Vous êtes en CDI et l’envie de changer de métier vous démange ? Cette situation paraît contradictoire : d’un côté la sécurité de l’emploi, de l’autre l’appel vers autre chose. Rassurez-vous, vous n’êtes pas seul dans cette réflexion et surtout, reconversion professionnelle rime parfaitement avec stabilité contractuelle.
Nous accompagnons régulièrement des salariés en CDI qui souhaitent opérer une transition professionnelle réussie. L’enjeu principal ? Transformer cette contrainte apparente en véritable atout pour construire un projet solide et réfléchi.

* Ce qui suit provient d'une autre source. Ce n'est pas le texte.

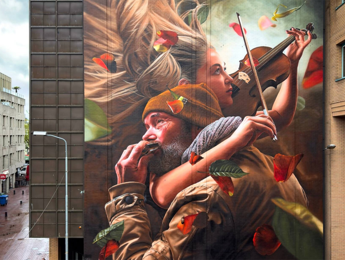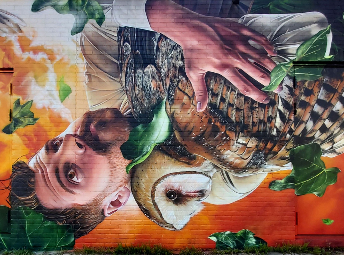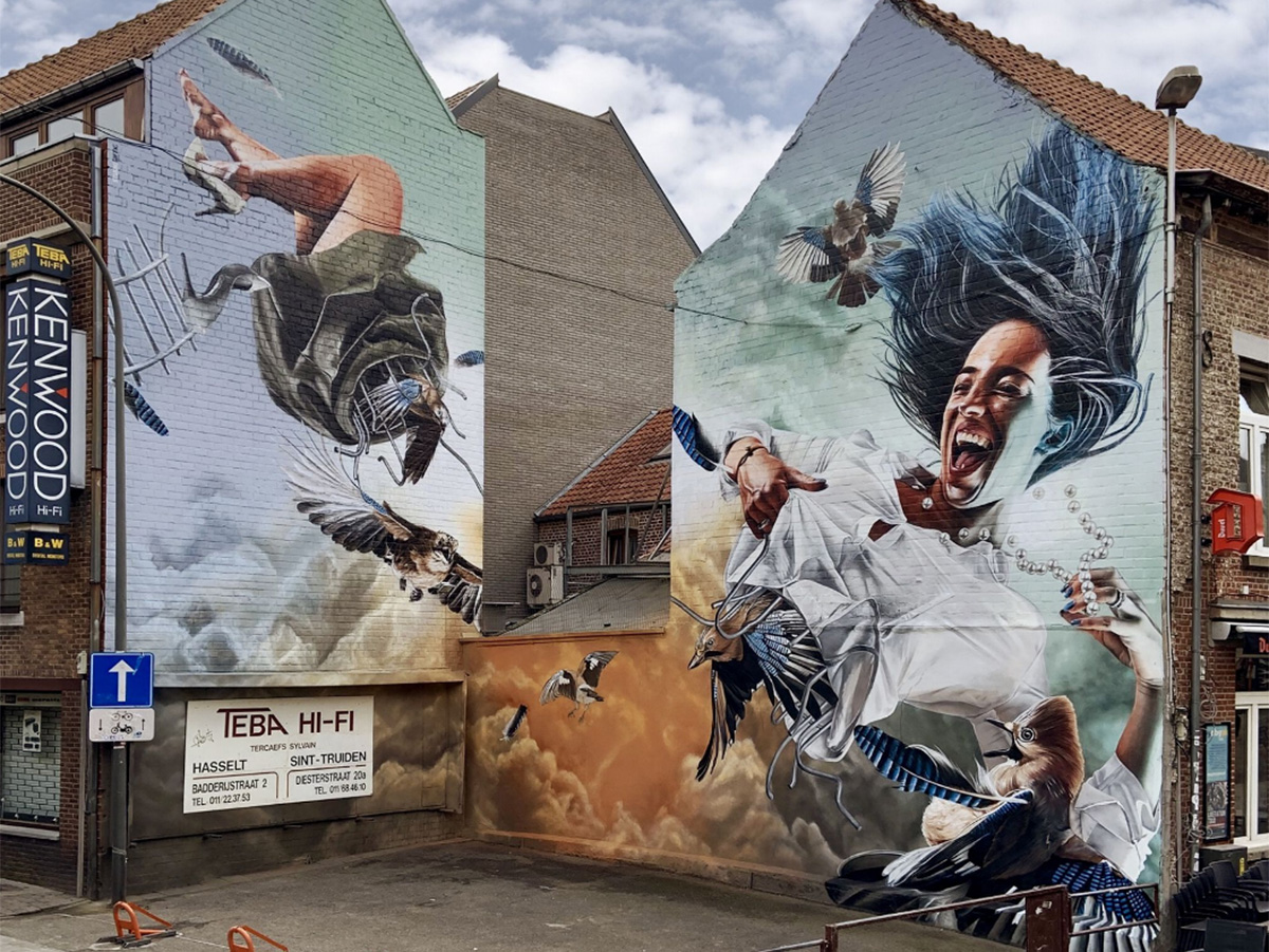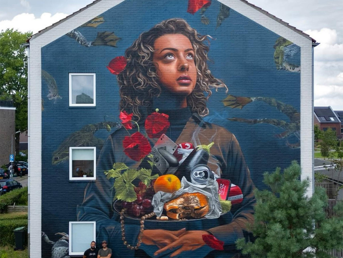 «Studio Giftig» – дуэт художников из Нидерландов Нильса ван Свемена (Niels van Swaemen) и Каспара ван Лика (Kaspar van Leek). Они познакомились в 2007 году и разработали общий стиль живописи, близкий к сюрреализму. Их творческие фантазии с успехом воплощаются не только в виде эффектных уличных муралов, но и в формате традиционных картин. Ребята много работают по всему миру, а композиции дуэта занимают призовые места на фестивалях стрит-арта. Два года назад я писал об их замечательной фреске «Весна в Белфасте», выполненной для фестиваля «Hit the North». Подробнее с творчеством художников вы можете познакомиться на сайте: studiogiftig.nl.
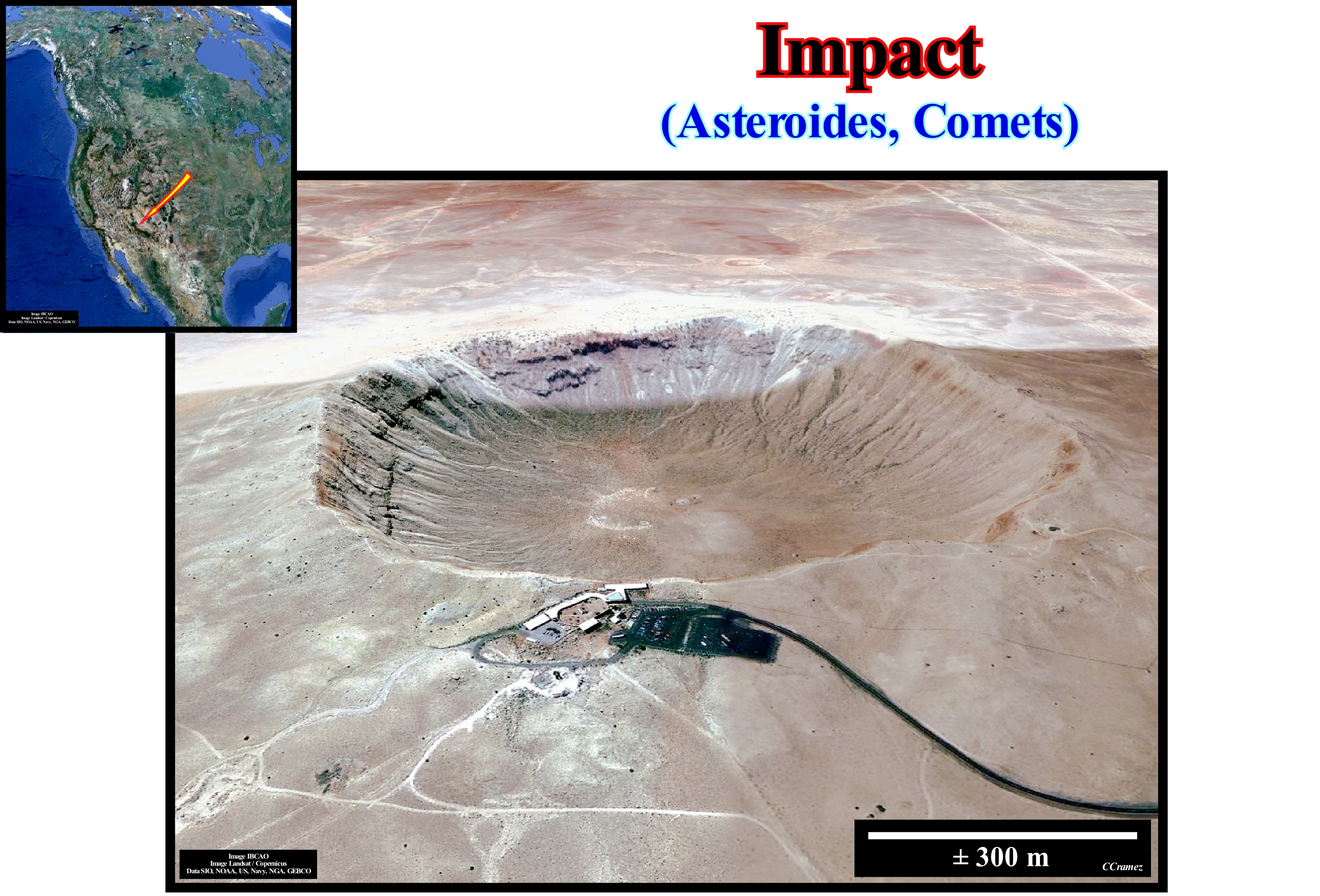 Structure formed on the Earth's surface by the fall of an asteroid or a comet. The impacts of asteroids and comets occurred, relatively, frequently during the Quaternary. One such impact created an important crater in Arizona, about 1,200 meters in diameter and 180 meters in depth.

Pourquoi votre CDI est un atout pour votre reconversion
Contrairement aux idées reçues, être en CDI représente une position de force pour entamer une reconversion. Votre contrat vous offre la stabilité financière nécessaire pour prendre le temps de la réflexion et de la préparation.
Cette sécurité vous permet d’explorer différentes pistes sans précipitation. Vous pouvez tester des formations en ligne, rencontrer des professionnels du secteur visé, ou même réaliser des missions bénévoles pour valider votre projet. Autant d’opportunités difficiles à saisir quand on jongle avec l’incertitude financière.
Nous observons d’ailleurs que les reconversions les mieux préparées émanent souvent de salariés en poste qui ont pu mûrir leur projet sur plusieurs mois, voire années.
Les étapes indispensables avant de se lancer
Faire le point sur vos motivations réelles
Avant toute démarche concrète, interrogez-vous sur les raisons profondes de votre envie de changer de métier. S’agit-il d’un ras-le-bol passager, d’un conflit avec votre hiérarchie, ou d’une véritable inadéquation entre vos valeurs et votre poste actuel ?
Cette distinction conditionne toute la suite de votre démarche. Un simple changement d’entreprise pourrait parfois suffire, là où une reconversion complète s’impose dans d’autres cas.
Identifier vos compétences transférables
Votre expérience professionnelle actuelle recèle des compétences précieuses pour votre futur métier. Nous recommandons de dresser un inventaire précis de vos savoir-faire techniques et relationnels.
Un responsable marketing dispose par exemple de compétences en gestion de projet, analyse de données et communication qui s’adaptent à de nombreux secteurs. Cette cartographie vous aide à identifier les passerelles naturelles vers votre nouveau métier.
Le bilan de compétences : votre premier allié
Le bilan de compétences reste l’outil de référence pour structurer votre réflexion. Finançable via votre CPF (Compte Personnel de Formation), il vous accompagne sur 24 heures réparties sur plusieurs mois.
| Phase | Durée | Objectifs principaux |
| Préliminaire | 2h | Définir vos attentes et la méthodologie |
| Investigation | 16h | Explorer vos compétences, motivations et contraintes |
| Conclusion | 6h | Construire votre projet professionnel et plan d’action |
Cette démarche vous permet de prendre du recul sur votre parcours tout en gardant votre emploi actuel. L’accompagnement par un consultant certifié apporte la neutralité nécessaire pour objectiver votre situation.
Les dispositifs de formation à votre disposition
La formation pendant le temps de travail
Votre employeur peut accepter de vous former dans le cadre du plan de développement des compétences de l’entreprise. Cette solution idéale nécessite que votre nouvelle orientation serve aussi les intérêts de votre employeur actuel.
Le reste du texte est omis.